▶ [ABOUT THIS TASK] Write out the listing exactly, from its first line through the line holding "One natural rectangle", but include none of the pictures.
── DATA FOR THIS EXERCISE ──
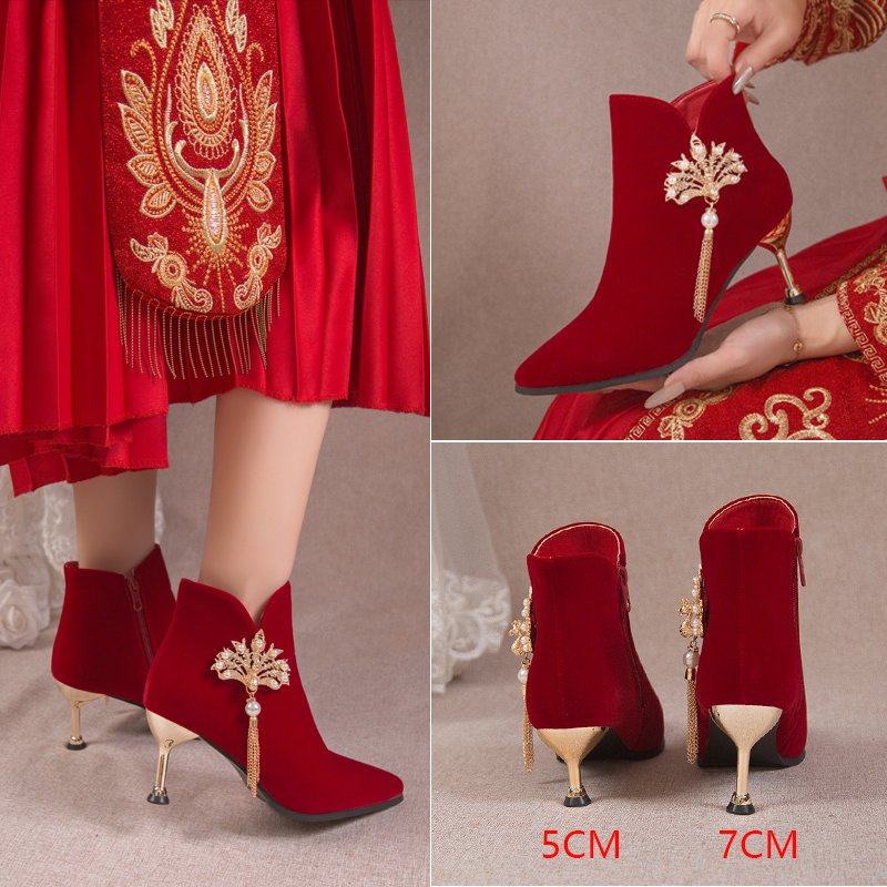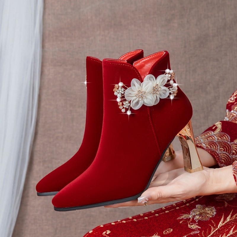 冬季婚鞋女2023新款粗跟新娘结婚靴子秀禾婚纱两穿红色高跟鞋短靴
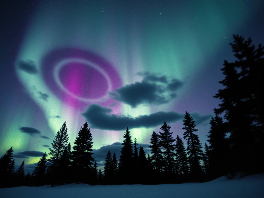 Salat may have witnessed an episode of ‘black auroras.’ They are dark rings or black blobs that sometimes appear in an otherwise ordinary expanse of aurora light. For example, look at Figure 1 in this research paper on the topic. Some researchers call them “anti-auroras.” The black auroras in Salat’s photo are circled here.
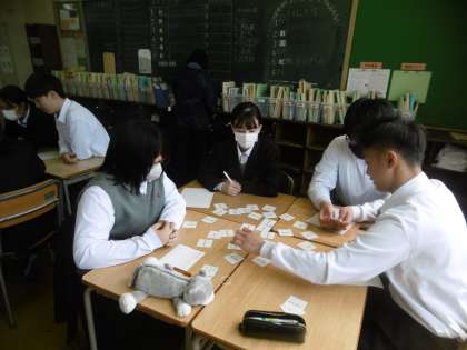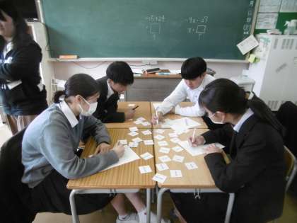 学習カードを使い、班ごとに協力しながら問題を解いていました。学習カードには、今まで習った文字式、一次方程式、連立方程式などの単元名が書かれていて、どの単元の問題を解くかを生徒自身が判断し、カードの裏面に書かれた問題を解き、班員に解き方を説明するという授業内容でした。
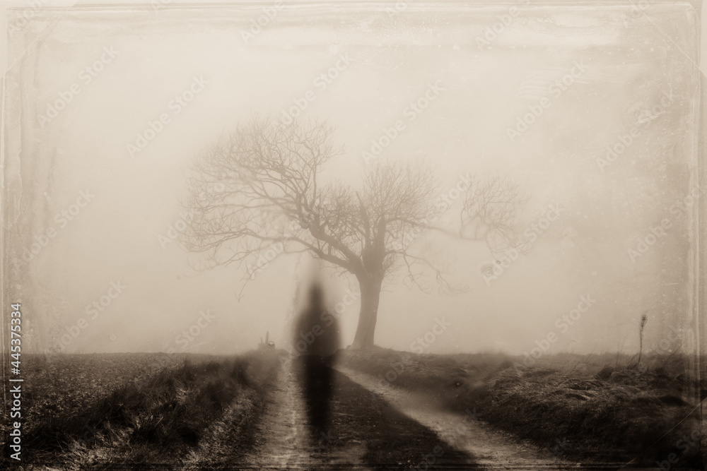 Obraz na plátně A ghostly blurred figure on a country path in winter
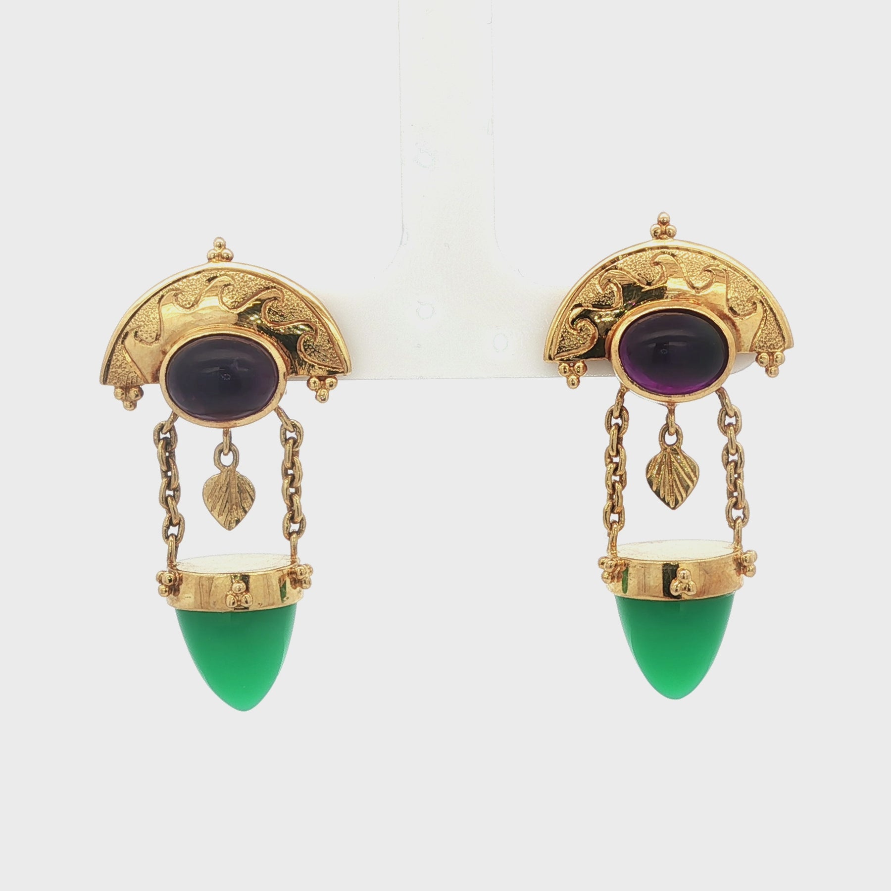 Estate Paula Crevoshay Amethyst & Chrysoprase Earrings in 18K Yellow Gold. The earrings approximately measure 1.5" by 0.80", and weigh 18 grams. Clip on.
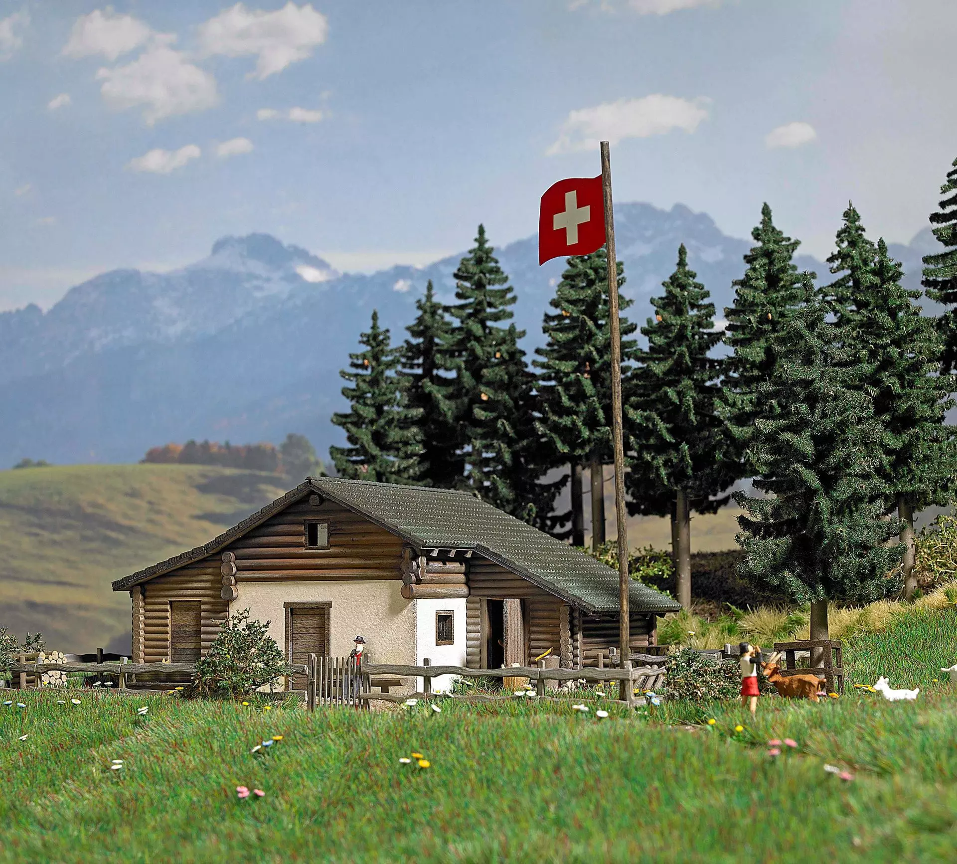 Bausatz für eine größere Almhütte mit angebautem Geißenstall nach dem Originalvorbild auf der Heidialp (www.heididorf.ch). Blockbohlenbauweise in Kunststoff. Holzverkleidung auf der Rückseite, Fenster und Türen aus echtem Holz. Alle Teile sind bereits fertig koloriert. Universell als ländliches Gebäude einsetzbar.
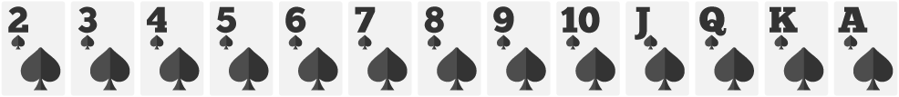 เกมส์ไพ่ป็อกเด้งจะประกอบไปด้วยไพ่ 52 ใบ มี 13 ลำดับดังต่อไปนี้
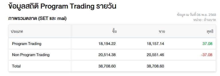 ผู้สื่อข่าวรายงานว่า วันนี้ (6 พ.ย.68) ตลาดหลักทรัพย์แห่งประเทศไทย (ตลท.) เปิดเผยข้อมูลซื้อขายรายวันผ่าน Program Trading หรือ “โปรแกรมโรบอทเทรดดิ้ง” พบว่ามีมูลค่าซื้อจำนวน 18,194.22 ล้านบาท และมูลค่าขายจำนวน 18,157.14 ล้านบาท เท่ากับซื้อสุทธิ 37.08 ล้านบาท
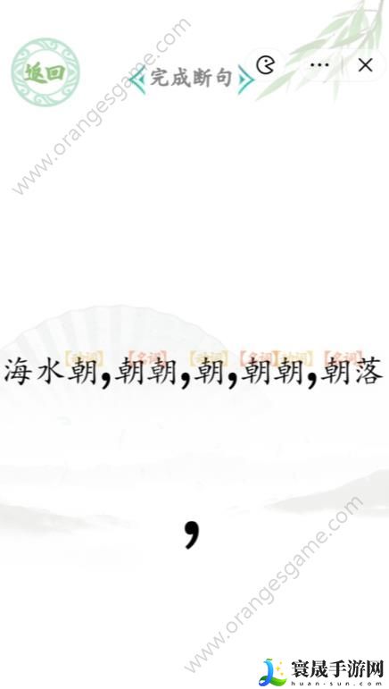 汉字找茬王断句8完成断句需要我们将两句诗词通过断句的方式让它通顺起来,第一句是关于海水朝,第二句是关于浮云长我们要如何断句才能完成本关卡的挑战呢,感兴趣的小伙伴们一起来了解下吧!
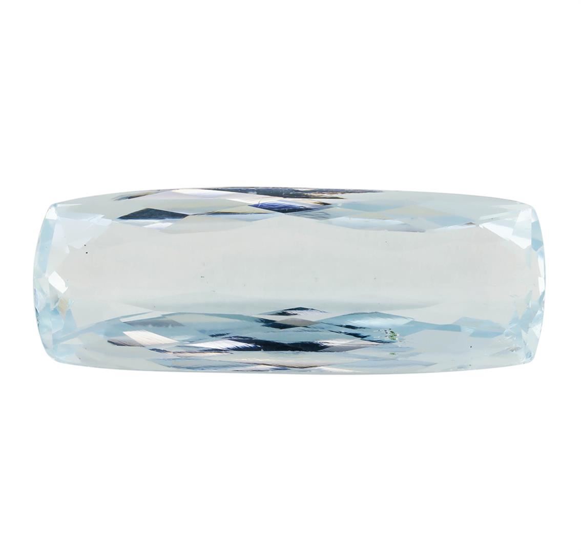 One natural rectangle cushion cut aquamarine with an exact weight of 13.18ct., clarity is eye clean, slightly grayish greenish blue. Gemological Appraisals Services estimates the retail value at $4613 GAS Appraised.
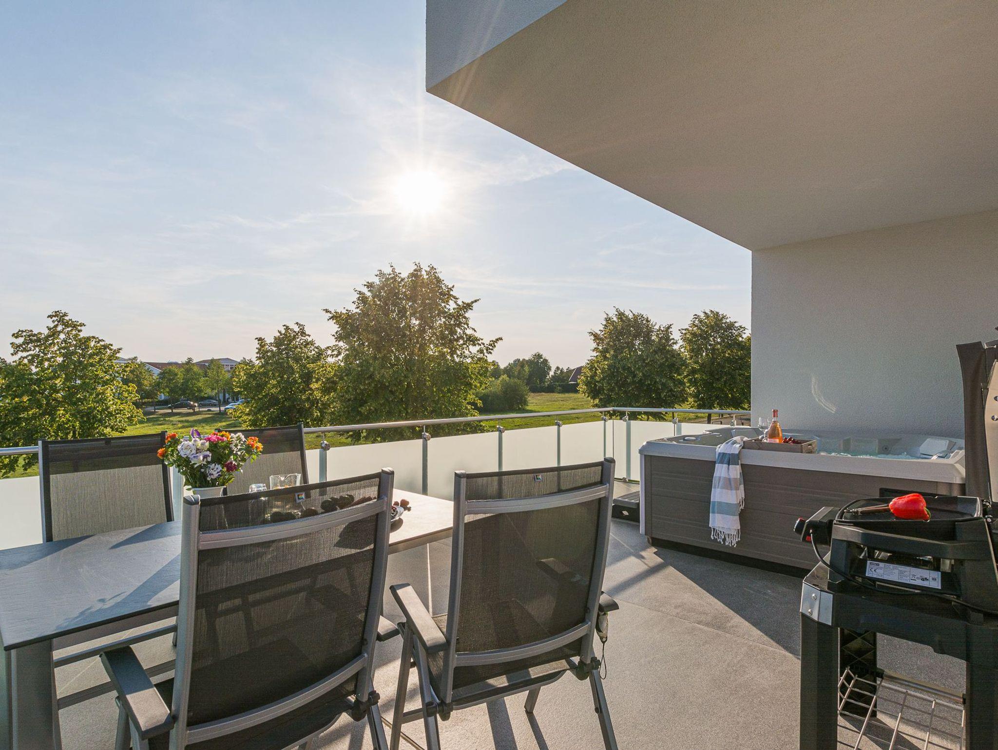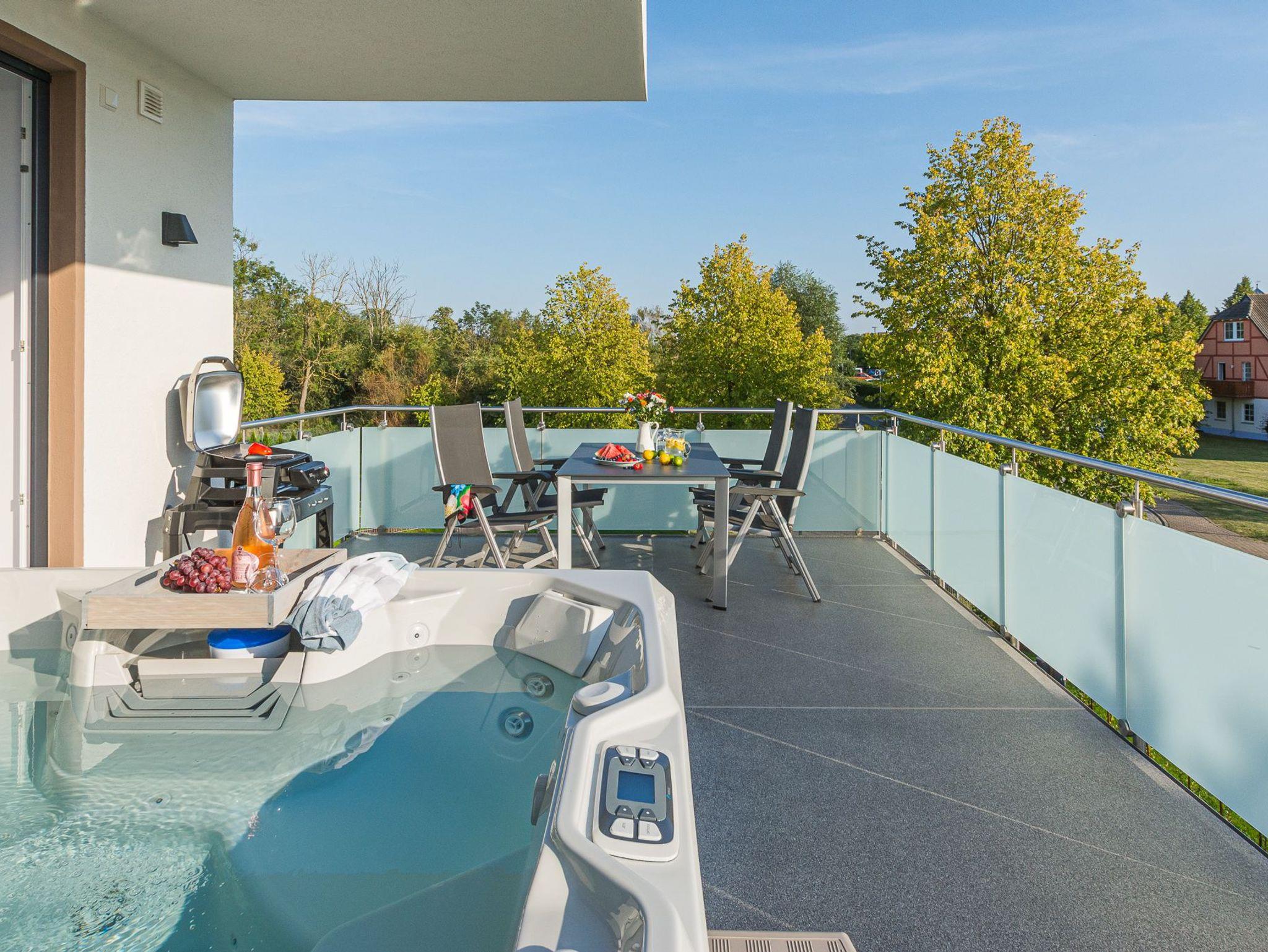 Ein absolutes Highlight ist der große Balkon, auf dem Sie den Blick auf die Umgebung genießen können. Hier erwartet Sie zudem ein Außen Whirlpool, in dem Sie sich bei sprudelndem Luxus entspannen können.
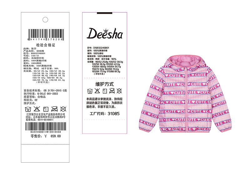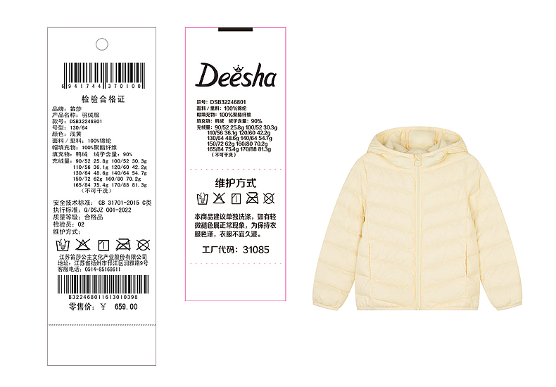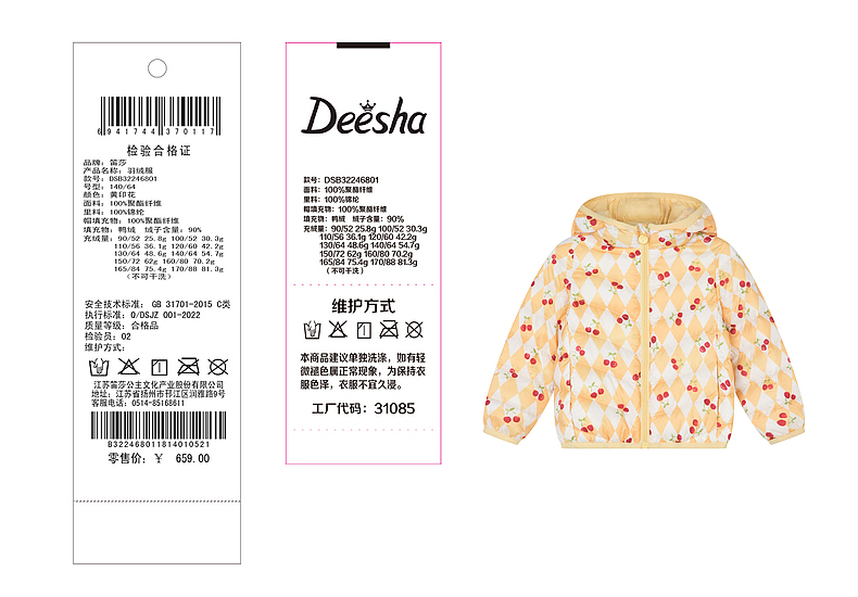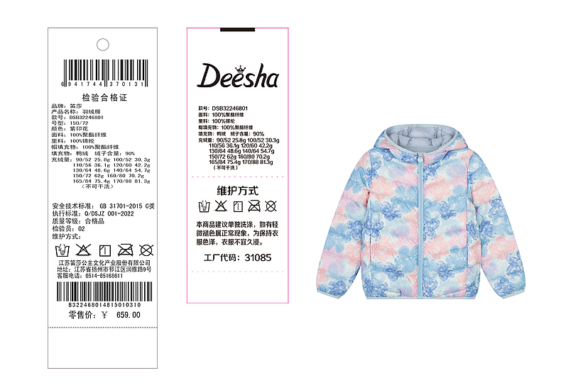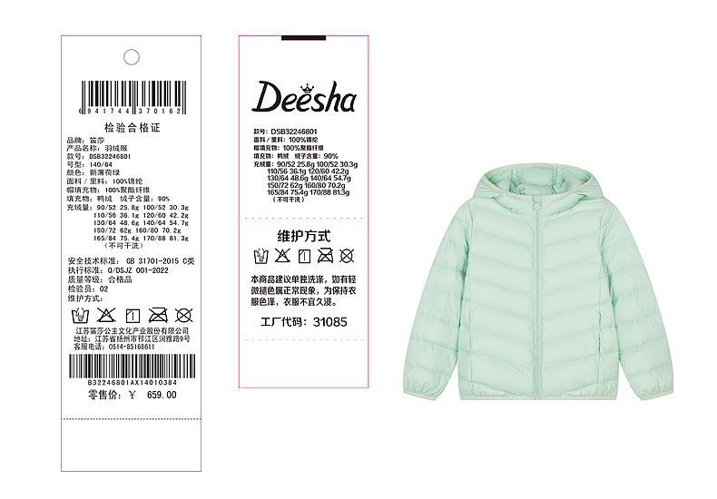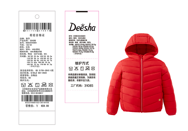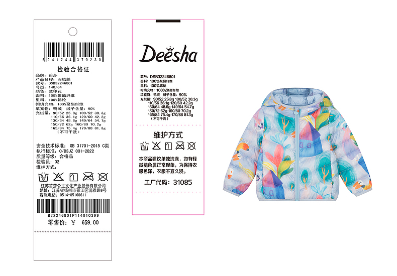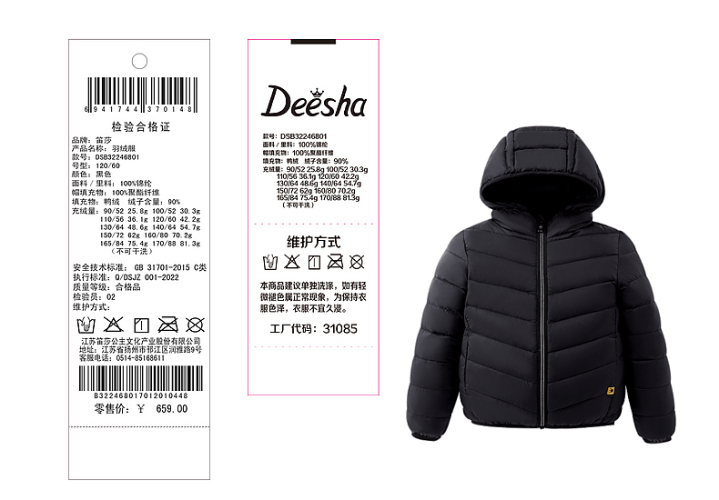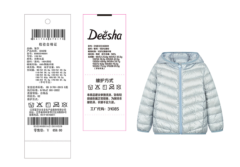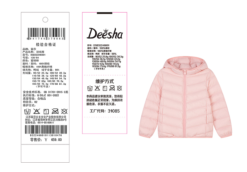 笛莎Deesha 女童羽绒服轻薄秋冬2023新款时尚轻薄羽绒服
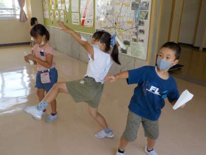生活科の学習では、紙飛行機を作って遊んでいます。
───
▶ [ANSWER AREA]
 冬季婚鞋女2023新款粗跟新娘结婚靴子秀禾婚纱两穿红色高跟鞋短靴
 Salat may have witnessed an episode of ‘black auroras.’ They are dark rings or black blobs that sometimes appear in an otherwise ordinary expanse of aurora light. For example, look at Figure 1 in this research paper on the topic. Some researchers call them “anti-auroras.” The black auroras in Salat’s photo are circled here.
 学習カードを使い、班ごとに協力しながら問題を解いていました。学習カードには、今まで習った文字式、一次方程式、連立方程式などの単元名が書かれていて、どの単元の問題を解くかを生徒自身が判断し、カードの裏面に書かれた問題を解き、班員に解き方を説明するという授業内容でした。
 Obraz na plátně A ghostly blurred figure on a country path in winter
 Estate Paula Crevoshay Amethyst & Chrysoprase Earrings in 18K Yellow Gold. The earrings approximately measure 1.5" by 0.80", and weigh 18 grams. Clip on.
 Bausatz für eine größere Almhütte mit angebautem Geißenstall nach dem Originalvorbild auf der Heidialp (www.heididorf.ch). Blockbohlenbauweise in Kunststoff. Holzverkleidung auf der Rückseite, Fenster und Türen aus echtem Holz. Alle Teile sind bereits fertig koloriert. Universell als ländliches Gebäude einsetzbar.
 เกมส์ไพ่ป็อกเด้งจะประกอบไปด้วยไพ่ 52 ใบ มี 13 ลำดับดังต่อไปนี้
 ผู้สื่อข่าวรายงานว่า วันนี้ (6 พ.ย.68) ตลาดหลักทรัพย์แห่งประเทศไทย (ตลท.) เปิดเผยข้อมูลซื้อขายรายวันผ่าน Program Trading หรือ “โปรแกรมโรบอทเทรดดิ้ง” พบว่ามีมูลค่าซื้อจำนวน 18,194.22 ล้านบาท และมูลค่าขายจำนวน 18,157.14 ล้านบาท เท่ากับซื้อสุทธิ 37.08 ล้านบาท
 汉字找茬王断句8完成断句需要我们将两句诗词通过断句的方式让它通顺起来,第一句是关于海水朝,第二句是关于浮云长我们要如何断句才能完成本关卡的挑战呢,感兴趣的小伙伴们一起来了解下吧!
 One natural rectangle cushion cut aquamarine with an exact weight of 13.18ct., clarity is eye clean, slightly grayish greenish blue. Gemological Appraisals Services estimates the retail value at $4613 GAS Appraised.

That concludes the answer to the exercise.